• [ACTIVITY]
Only the lines from the one containing "- Ensemble de" through the end of the material should be printed, exactly as they appear. Leave out pictures.

• [MATERIAL FOR THIS EXERCISE]
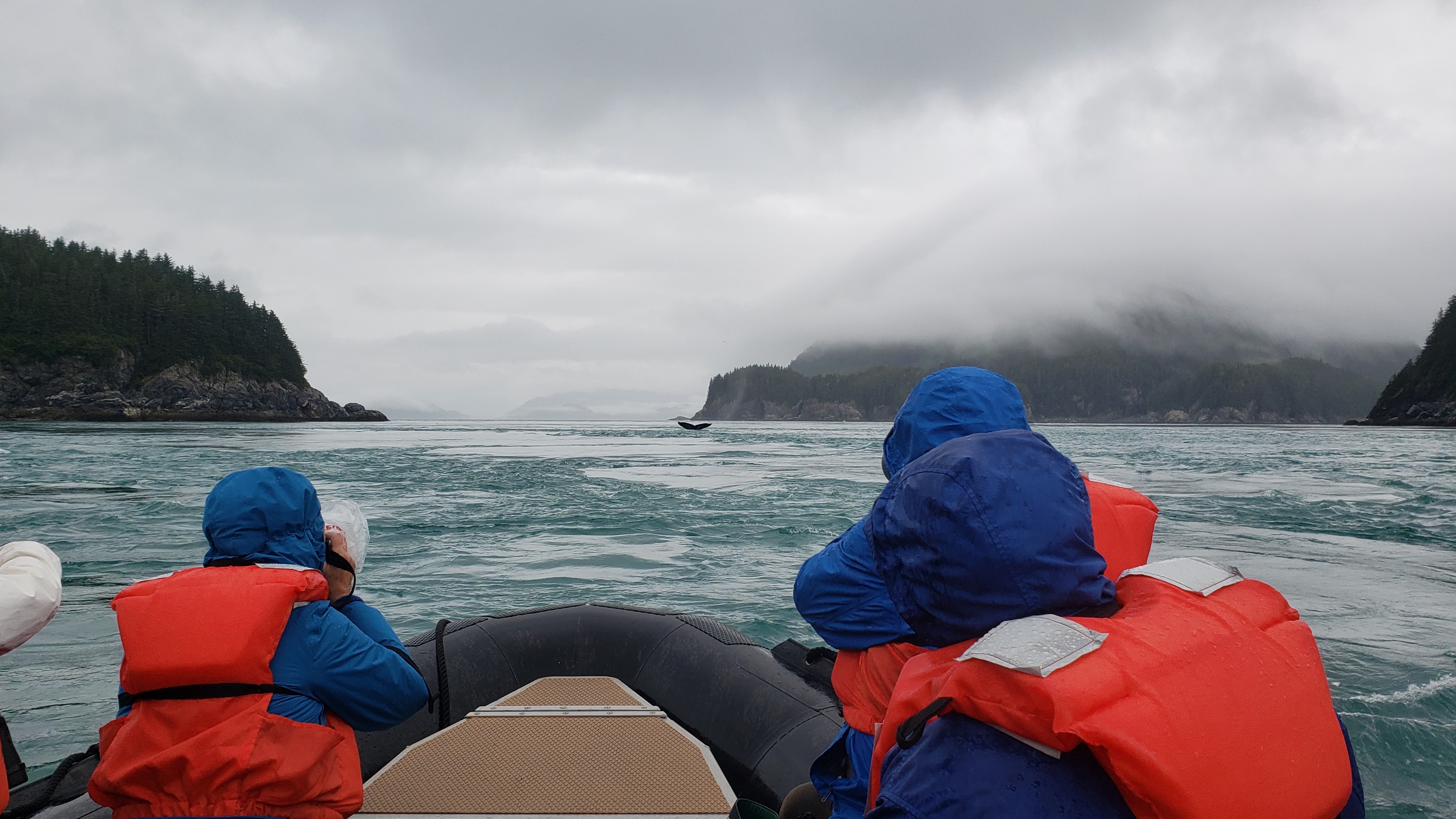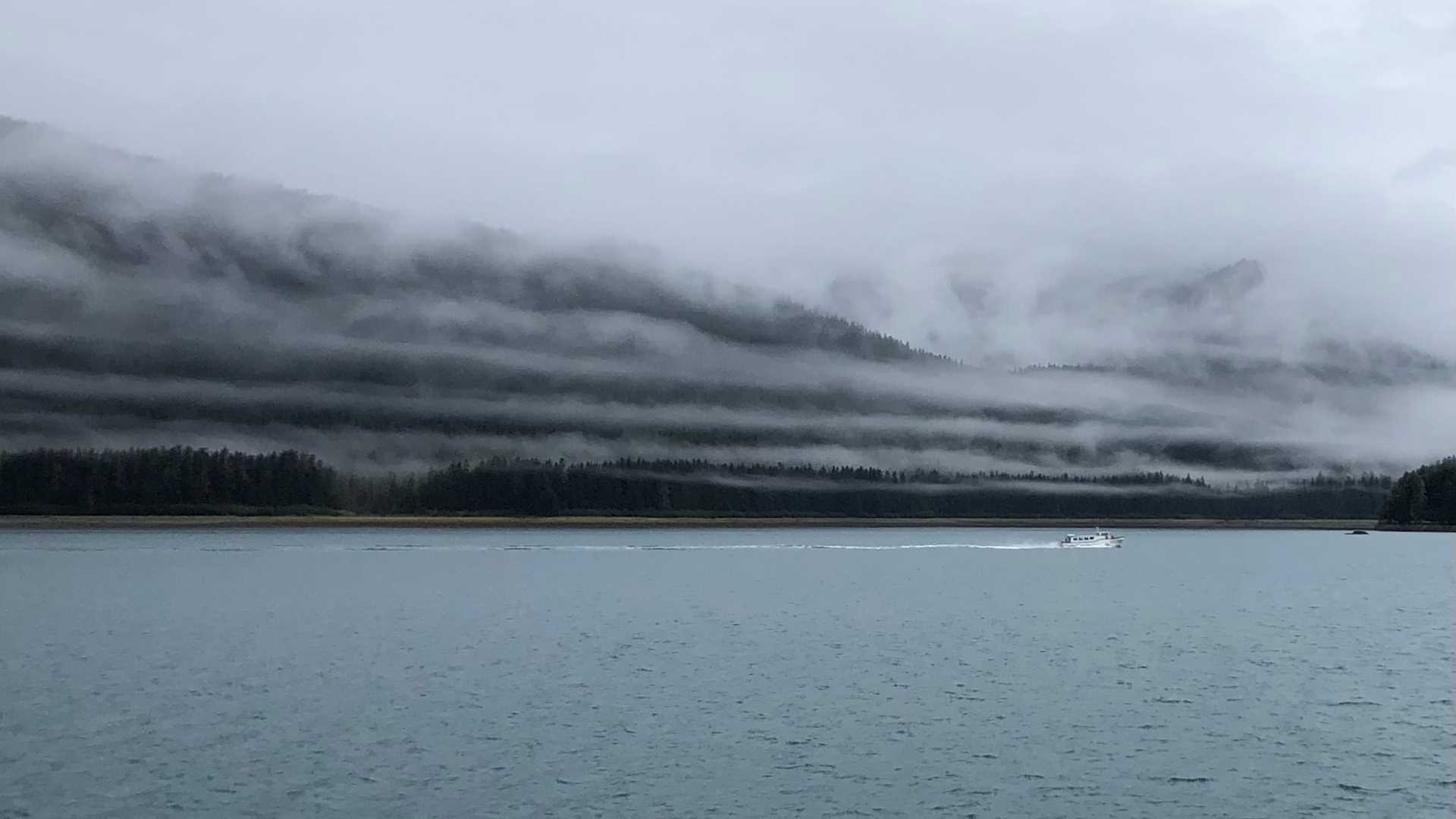Clouds created an artistic morning as we cruised from Stephens Passage into the emerald waters of Holkham Bay, and then further into Tracy Arm. The steep sides of the fjord are home to mountain goats, capable of moving along seemingly impossible terrain. Guests switched between sightseeing and attending talks on salmon and plankton. We stopped temporarily to collect and observe actual plankton. Copepods zipped across our screen. In the afternoon, Zodiac trips to the glacier gave us views of calving and splashes, along with the loud grumble of the ice cracking. We collected smaller pieces of ice, which could be centuries old. These allowed for some fun photography.
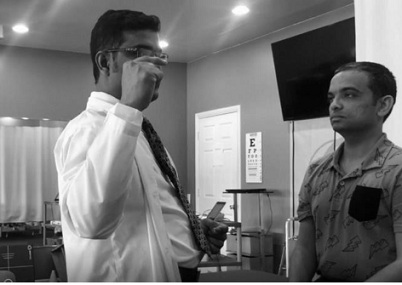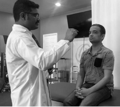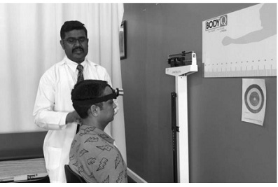 The patient was asked to read an eye chart in a static position and then he was asked to move the head side to side at a 2 Hz frequency (figure 6). More than a 3 line drop in identifying the letters and numbers with dynamic head movement suggest peripheral vestibular hypofunction. The patient exhibited a 1 line drop.
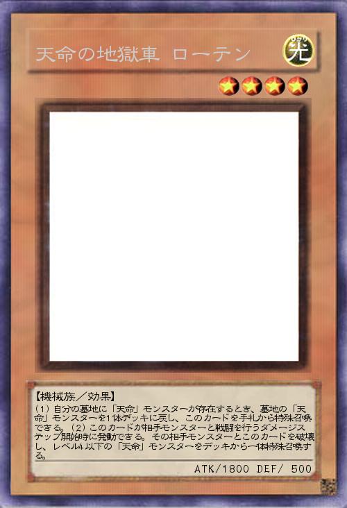 | (1)自分の墓地に「天命」モンスターが存在するとき、墓地の「天命」モンスターを1体デッキに戻し、このカードを手札から特殊召喚できる。(2)このカードが相手モンスターと戦闘を行うダメージステップ開始時に発動できる。その相手モンスターとこのカードを破壊し、レベル4以下の「天命」モンスターをデッキから一体特殊召喚する。 | |||
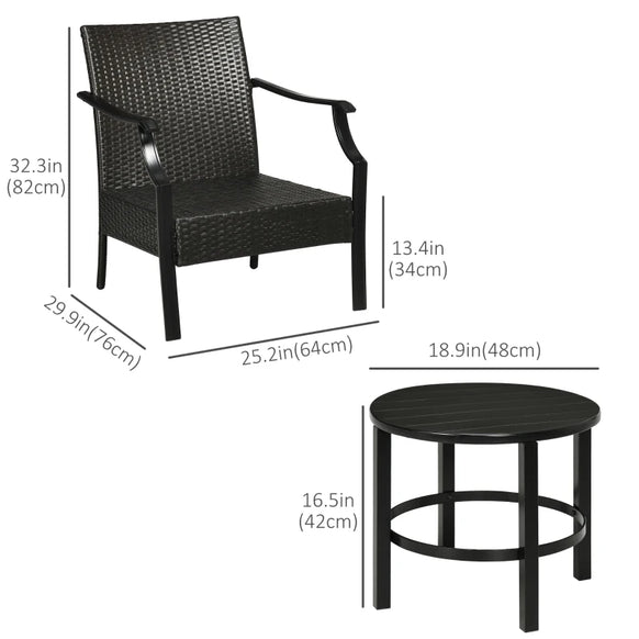 - Ensemble de bistrot 3 pièces : Ce mobilier de patio en rotin PE est composé de 2 fauteuils et d'une table basse créant un endroit merveilleux pour le confort et le divertissement, parfaitement ajouté à tout décor extérieur, comme les terrasses, les jardins ou les bords de piscine.
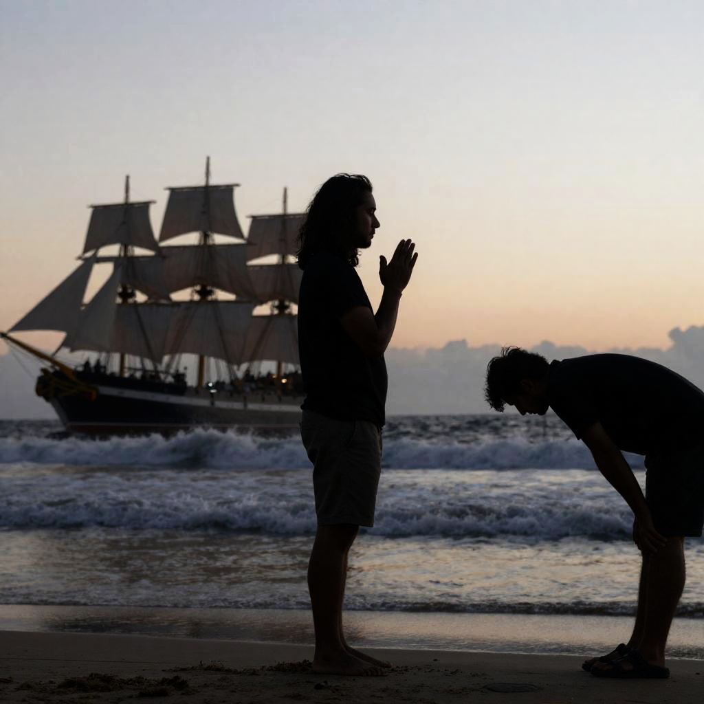 Photograph of a beach at sunset. Silhouetted man with long hair stands in profile, hands clasped in prayer. Another silhouetted person bends over on the right. Large ship with sails in background. Waves crash near shore.
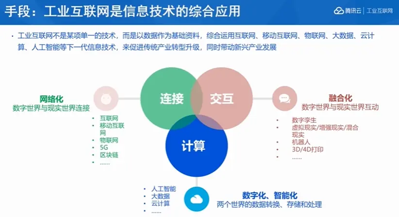从手段上来说,腾讯作为一家互联网公司,有三个能力是可以跟实体经济进行融合的。第一个是连接的能力,将数字世界与现实世界进行连接,实现网络化。第二个是交互的能力,做到数字世界与现实世界的互动,实现融合化。第三个就是计算的能力,利用大数据、云计算等做到两个世界的数据转换、存储和处理,实现数字化、智能化。

• [SOLUTION TO THE PROBLEM]
 - Ensemble de bistrot 3 pièces : Ce mobilier de patio en rotin PE est composé de 2 fauteuils et d'une table basse créant un endroit merveilleux pour le confort et le divertissement, parfaitement ajouté à tout décor extérieur, comme les terrasses, les jardins ou les bords de piscine.
 Photograph of a beach at sunset. Silhouetted man with long hair stands in profile, hands clasped in prayer. Another silhouetted person bends over on the right. Large ship with sails in background. Waves crash near shore.
从手段上来说,腾讯作为一家互联网公司,有三个能力是可以跟实体经济进行融合的。第一个是连接的能力,将数字世界与现实世界进行连接,实现网络化。第二个是交互的能力,做到数字世界与现实世界的互动,实现融合化。第三个就是计算的能力,利用大数据、云计算等做到两个世界的数据转换、存储和处理,实现数字化、智能化。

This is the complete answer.